- [PROBLEM TO WORK ON] Drop every picture and copy exactly the lines from the one with "コレクション展示室1Fにある" through the last line of the listing below.

- [DATA BELOW]
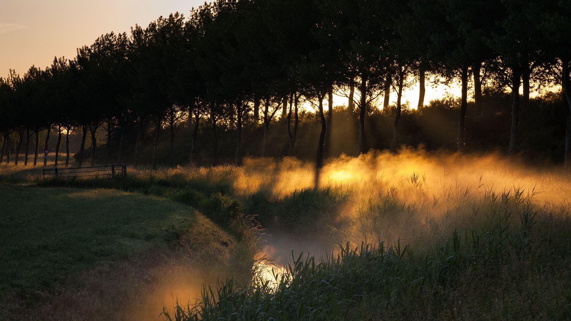 Description: A river running through a lush green forest under a sunset sky with fog and light coming from the trees.
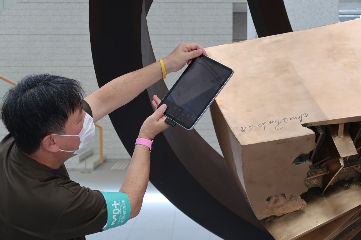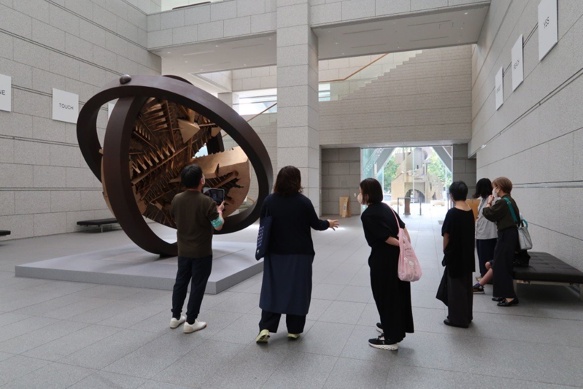 コレクション展示室1Fにあるアルナルド・ポモドーロ《太陽のジャイロスコープ》は、現地組もオンライン組もみんなそろって鑑賞しました。
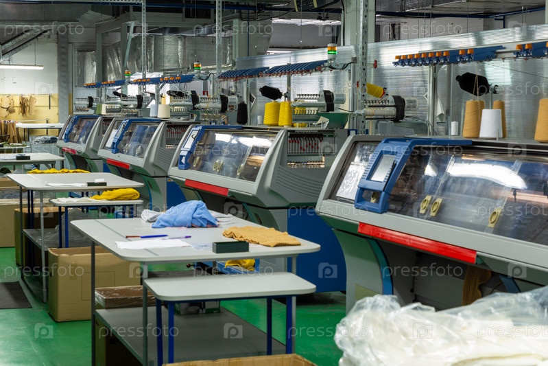 Ряд промышленных текстильных плосковязальных машин на трикотажной фабрике

- [TASK OUTPUT]
 コレクション展示室1Fにあるアルナルド・ポモドーロ《太陽のジャイロスコープ》は、現地組もオンライン組もみんなそろって鑑賞しました。
 Ряд промышленных текстильных плосковязальных машин на трикотажной фабрике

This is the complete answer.